The decrease of congressional oversight of the intelligence neighborhood and the weakening of the role of the Inspectors General throughout the intelligence community have actually enabled the CIA to escape accountability for its role in conceiving and carrying out an unconscionable program of abuse and abuse. President Barack Obama had the best opportunity to address the concern of responsibility, however he said that he would “look forward, not back” at the criminal activities of the Bush administration and its global war on fear. Senior CIA authorities pushed the White Home to put limitations on the function of the CIA IGs, and Obama honored these demands.

CIA director Tenet who authorized the abuse program left federal government with the Governmental Medal of Liberty, the greatest honor that can be given to a civilian. Whenever Tenet was asked about CIA torture, his basic reply was “We don’t do it and I’m not going to talk about it.” Tenet’s instant followers, Representative Porter Goss and General Hayden had no interest in responsibility. Goss protected the “methods” as “unique and innovative methods, all of which are legal and none of which are abuse.” Hayden lobbied for a CIA exemption in any legislation to ban abuse and abuse. (Tenet got his Presidential medal along with Paul Bremer, who probably did more to create chaos and havoc In Iraq than any American besides the war’s sponsors: President Bush, Vice President Cheney, and Secretary of Defense Rumsfeld.)

The CIA committed serious criminal offenses in the 1960s and 1970s throughout the Vietnam War, but at least the Church Committee in the Senate and the Pike Committee in the House exposed the assassination plots and the secret invasions against U.S. people. Laws were composed to stop the type of assassinations that had been authorized by the Eisenhower and Kennedy administrations, and the Senate and House intelligence oversight committees were developed, three decades after the development of the CIA itself. It took an additional fifteen years and the crimes of Iran-Contra to develop a statutory Inspector General at the CIA. The torturers should have been prosecuted, and the criminal offense of torture and abuse need to have led to stronger oversight of the CIA.

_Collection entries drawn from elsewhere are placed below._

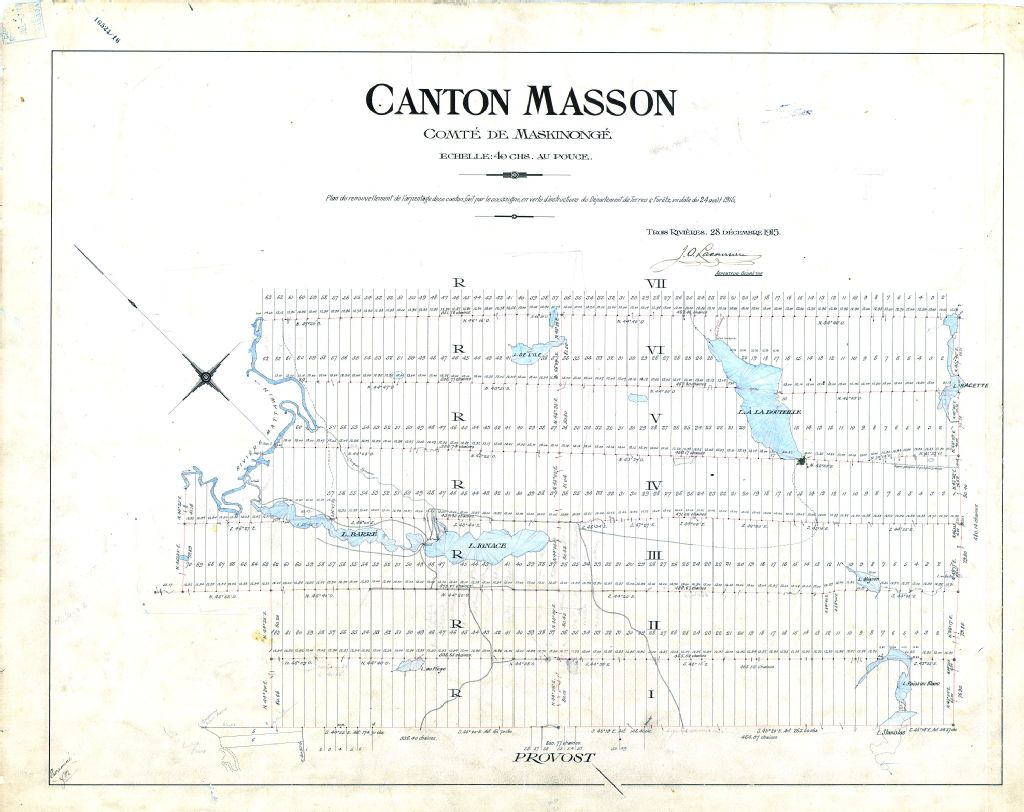 Canton Masson. Comté de Maskinongé. Plan du renouvellement de l'arpentage de ce canton, fait par le soussigné, en vertu d'instructions du Département de Terres & Forêts, en date du 24 août 1915.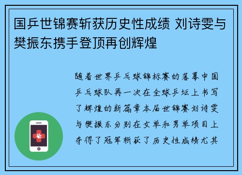随着世界乒乓球锦标赛的落幕,中国乒乓球队...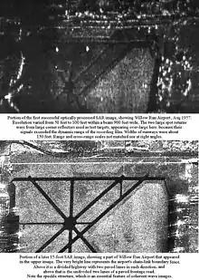 The principle was included in a memorandum[6] authored by Walter Hausz of General Electric that was part of the then-secret report of a 1952 Dept. of Defense summer study conference called TEOTA ("The Eyes of the Army"),[7] which sought to identify new techniques useful for military reconnaissance and technical gathering of intelligence. A follow-on summer program in 1953 at the University of Michigan, called Project Wolverine, identified several of the TEOTA subjects, including Doppler-assisted sub-beamwidth resolution, as research efforts to be sponsored by the Department of Defense (DoD) at various academic and industrial research laboratories. In that same year, the Illinois group produced a "strip-map" image exhibiting a considerable amount of sub-beamwidth resolution.
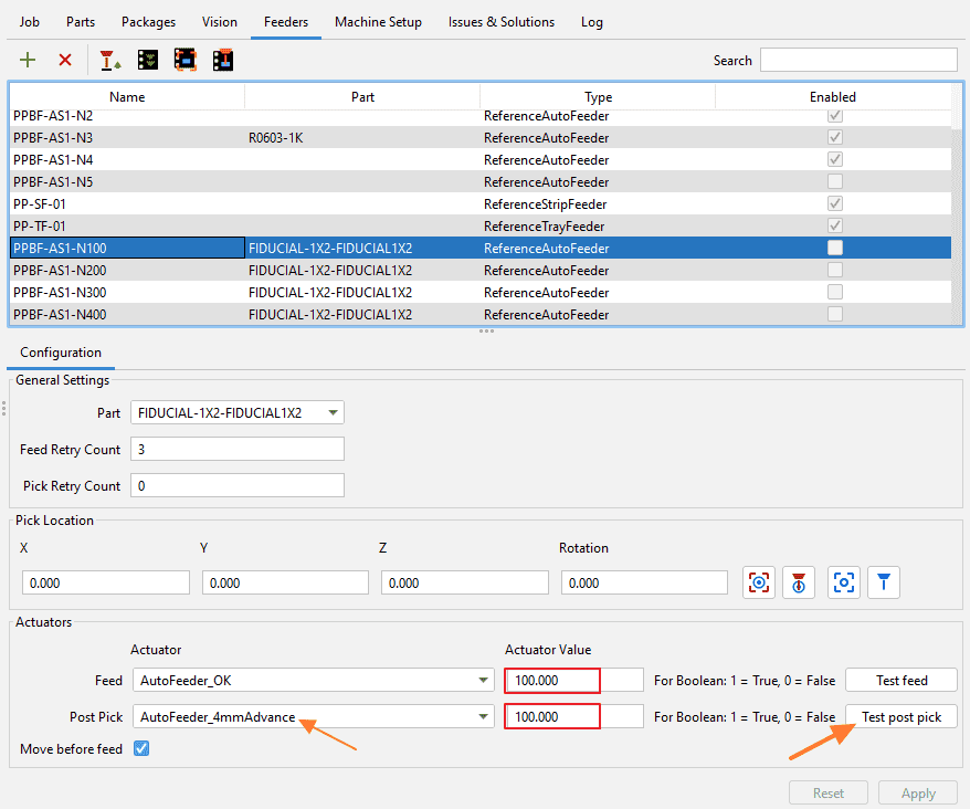 Click on the Test post pick button, if the servo/ AS1 feeder completes the corresponding movement, then the feeder system is operating properly.
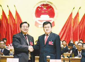 右圖 新當(dāng)選的市人大常委會(huì)主任徐光與李洪民親切握手。(記者 沈湛 攝)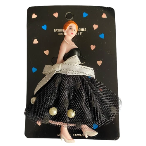 Vintage 3.75” Doll Party Dress Brooch Lapel Pin Accessories Fashion Lady Dancing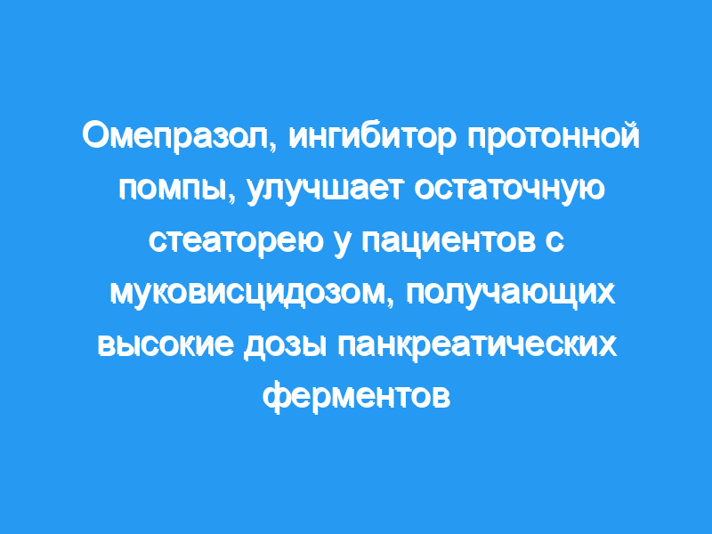 Несмотря на лечение препаратами ферментов поджелудочной железы в сверхфизиологических дозах, остаточная стеаторея является распространенной проблемой у пациентов с муковисцидозом (МВ) и недостаточностью поджелудочной железы. Стратегии повышения активности ферментов поджелудочной железы включают снижение кислотности двенадцатиперстной кишки. Целью данного исследования было оценить влияние омепразола (Лосек), ингибитора протонной помпы, на всасывание жира у пациентов с МВ с остаточной стеатореей, несмотря на высокие дозы добавок панкреатических ферментов (>, or =10000 Ед липазы/кг в день). Был выбран случайный дизайн перекрестного перехода. Переваривание жира оценивали с омепразолом и без него с помощью химических измерений жира в 3-дневных сборах кала вместе с 3-дневными взвешенными записями пищи для расчета поглощения жира. Были проанализированы результаты 15 пациентов (3 девочки и 12 мальчиков) с подтвержденной стеатореей во время контрольного обследования. Средний возраст составил 8,7 лет (диапазон 3,5-15,9 лет). Среднее суточное потребление липазы составляло 13 500 Ед/кг в день (диапазон 10 000-22 000 Ед/кг в день). Во время лечения омепразолом медиана потери жира с калом (г жира в день) снизилась с 13 г (квартили 11,5-16,5 г/день) до 5,5 г (квартили 4,9-8,1 г/день) (P<,0,01). Такое же улучшение было отмечено при расчете абсорбции жира: 87% (квартили 81-89%) без омепразола против 94% (квартили 90-96%) с омепразолом (P<,0,001).

At its peak, Gitmo held more than 675 men. According to the New York Times, there are currently 39 men in the jail; only 11 have been charged with criminal activities. There have never been charges against the other 28 people, and a federal parole-like panel has actually approved transfer for ten of them, including a 73-year-old Pakistani with cardiovascular disease. President Obama failed in his efforts to close Guantanamo and move the detainees to a U.S. jail; the 2022 budget proposition of the Biden administration has restored the proposal to close Gitmo and transfer the detainees. (The Times’Carol Rosenberg deserves congratulations for her impressive coverage of Guantanamo over a twenty-year duration, filling in the vacuum produced by the failure of congressional and governmental oversight to do so.)

The only achievement of the abuse program was the destruction of the United States and the Central Intelligence Agency.